= Records for this task =
*** Begin section ***

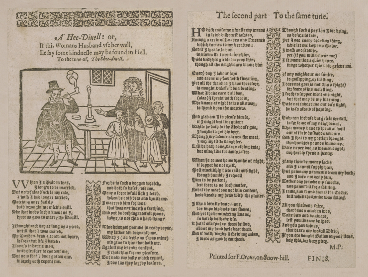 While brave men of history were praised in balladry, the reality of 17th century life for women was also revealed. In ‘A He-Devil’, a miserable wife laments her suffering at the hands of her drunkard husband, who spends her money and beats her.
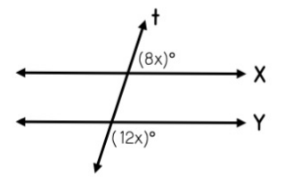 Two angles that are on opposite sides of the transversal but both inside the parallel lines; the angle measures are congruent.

*** End section ***
*** Begin section ***

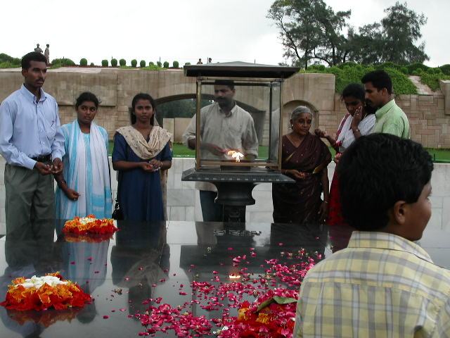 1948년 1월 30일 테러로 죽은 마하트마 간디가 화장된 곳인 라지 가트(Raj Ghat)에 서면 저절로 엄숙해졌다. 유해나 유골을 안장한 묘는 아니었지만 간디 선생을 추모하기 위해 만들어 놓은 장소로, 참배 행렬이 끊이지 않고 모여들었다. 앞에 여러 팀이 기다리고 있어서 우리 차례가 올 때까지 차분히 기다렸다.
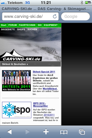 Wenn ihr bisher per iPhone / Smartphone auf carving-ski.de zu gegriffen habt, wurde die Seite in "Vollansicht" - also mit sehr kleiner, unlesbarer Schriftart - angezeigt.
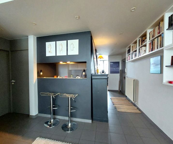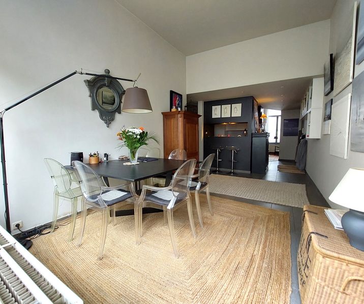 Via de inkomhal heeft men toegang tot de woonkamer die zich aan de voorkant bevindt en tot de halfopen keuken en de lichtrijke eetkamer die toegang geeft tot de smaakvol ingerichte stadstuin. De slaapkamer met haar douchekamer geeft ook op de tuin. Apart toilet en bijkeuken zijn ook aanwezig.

*** End section ***

= Requirement =
What is needed is an exact copy of the lines above from the one with "While brave men" to the one with "Two angles that", both ends kept, and nothing more; please leave the pictures out.

= Task response =
 While brave men of history were praised in balladry, the reality of 17th century life for women was also revealed. In ‘A He-Devil’, a miserable wife laments her suffering at the hands of her drunkard husband, who spends her money and beats her.
 Two angles that are on opposite sides of the transversal but both inside the parallel lines; the angle measures are congruent.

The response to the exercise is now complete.